A Choice I Made as a Nine-Year-Old Determined My Career Path

Who would have known that a decision I made as a nine-year-old would have predicted the career I have chosen for the past 33 years.

When I was about nine-years-old I discovered that I liked swimming, and with my parents’ encouragement, I joined the local swim team. I think back then swimming was a more popular sport than it is now. We had so many kids on the team that there was the “A” team, the “B” team, and the “C” team. I was on the “C” team.

Despite my lack of ability at that time, I enjoyed the sport enough to stick with it, and after a few years of training, I became an above-average swimmer. I continued to swim competitively through all four years of college, highlighted by beating Villanova my senior year.

When I think back about what I liked about swimming, a big part of it was the routine (going back and forth, back and forth, just staring at the bottom of the pool), tracking my times and splits,  and learning how to train most effectively for the various events I swam.

Well, apparently those traits are what at least one of the Big 4 public accounting firms, KPMG, looks for in its recruits.

In a fascinating article in today’s Wall Street Journal, reporter Hilary Potkewitz notes that while some jobs have a reputation for drawing certain types of college athletes (football quarterbacks go on to sell insurance, lacrosse players work on Wall Street), recruiters say there are other links between sports and careers that are less well-known.

Water polo players, for instance, may thrive in tech marketing because both environments prize fast-moving teamwork. By contrast, wrestlers—used to competing as individuals rather than working with teammates—may make great solo-focused salesmen. And the precision required to succeed in sports like baseball and diving can help those athletes excel at accounting.

Yaniv Masjedi, Chief Marketing Officer of Nextiva, states that he loves hiring water polo players love hiring water polo players because of the collaborative nature of the sport, which is a key part of being a successful member of the marketing team.

Accounting firm KPMG hires 3,500 college students each year in the U.S., and although the firm doesn’t target or track specific sports in its hiring, James Powell, national partner in charge of campus recruiting, says that he’s noticed that baseball, softball, swimming and diving far outnumber other sports. “Public accounting is very regimented. It’s about keeping score and being precise, and in those sports, they’re used to that,” Mr. Powell said. Ballplayers, swimmers, and divers live by batting averages, field statistics, lap split-times or how to score a perfect 10, he added. “So when you say, ‘Here are the rules our clients have to live by,’ they get it.”

Jim Schleckser, CEO of Inc. CEO Project, an executive coaching firm in Potomac, Md., says an athlete’s suitability for a position depends on the type of sport and the requirements of the job. “If I want someone in an individual contributor role like sales, I’m going for someone in an individual sport, like wrestlers. They’re incredibly disciplined, they own the outcome, they’re not dependent on other people for success,” he said. “When hiring for a product development team, a customer service team, a small business unit, now I’m looking for people like volleyball players, soccer, even football.”
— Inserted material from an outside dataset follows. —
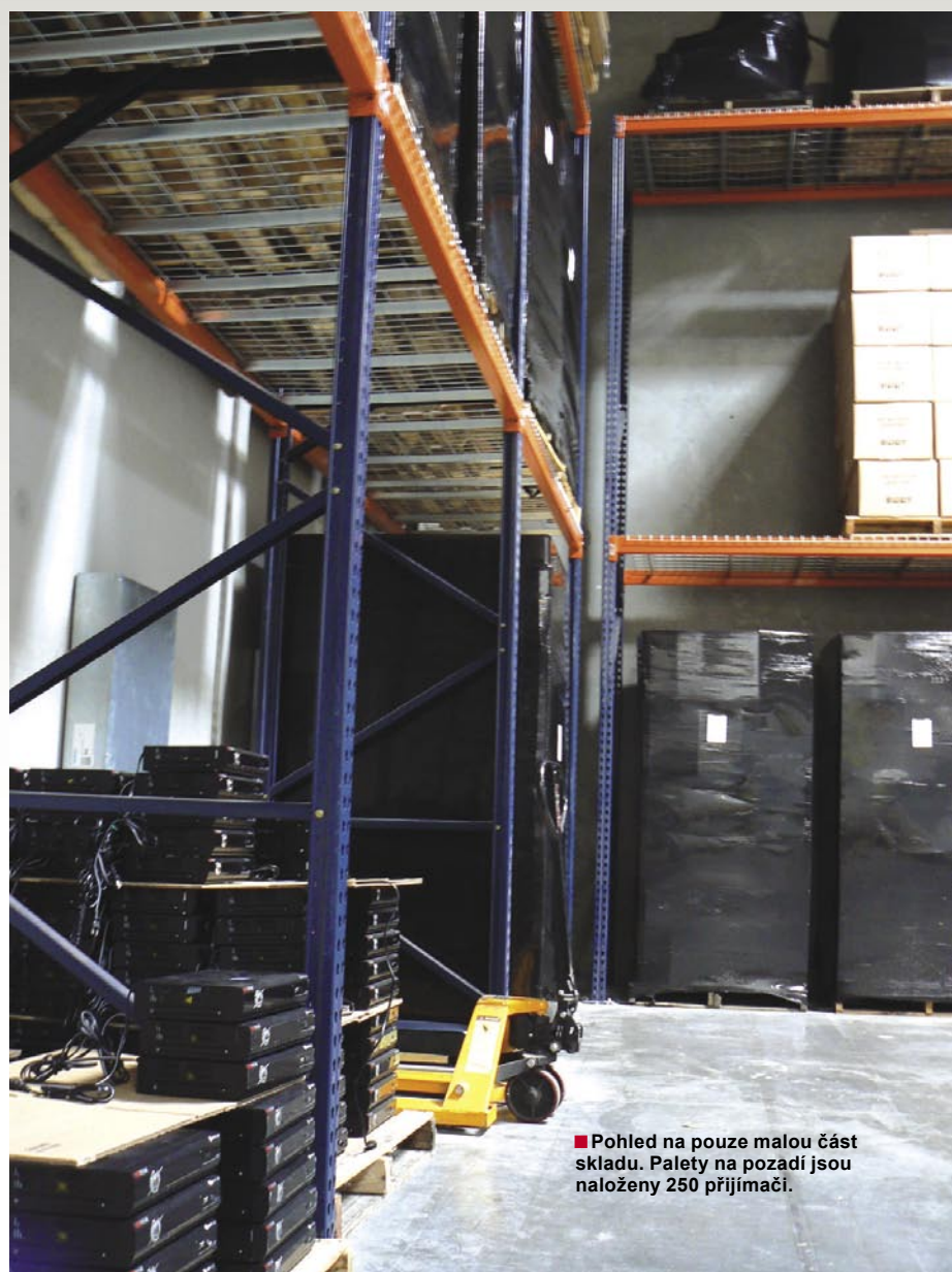
■ Pohled na pouze malou část skladu. Palety na pozadí jsou naloženy 250 přijímači.

Viewtech si posledních letech prošel poměrně slušným růstem: "V průměru

Given all these anecdotal relationships between sport and career choice, it’s perhaps no surprise that a company was created to help match athletes with specific career paths.

Game Plan, a firm that offers career services for athletes, has designed a personality assessment that scores eight traits—including camaraderie, structure, and competition—to help athletes evaluate potential career paths. Someone who scores high on camaraderie, for example, should consider jobs that are collaborative rather than solitary. People scoring high in structure—who thrived on having coaches set practice schedules and workout regimens—tend to fare better starting in highly organized training programs, often found at financial-services firms, for instance. Athletes who measure high on competition tend to prioritize winning over process or relationships, and do best in jobs where performance is always being measured, such as sales, fundraising, or coaching.

I clearly remember  a conversation I had over 20 years ago with a partner from one of the large accounting firms (the Big 5 back then) who told me that he specifically went out of his way to recruit athletes, since he thought the discipline required to balance school work and athletics would be a valuable trait at his firm.

It looks like he may have been ahead of his time, and over the years, such an approach has simply become a bit more refined.

I think this gives parents something to think about – the sport you encourage your child to participate in could have long -term career implications. Choose wisely.

And in my opinion, you can never go wrong with swimming.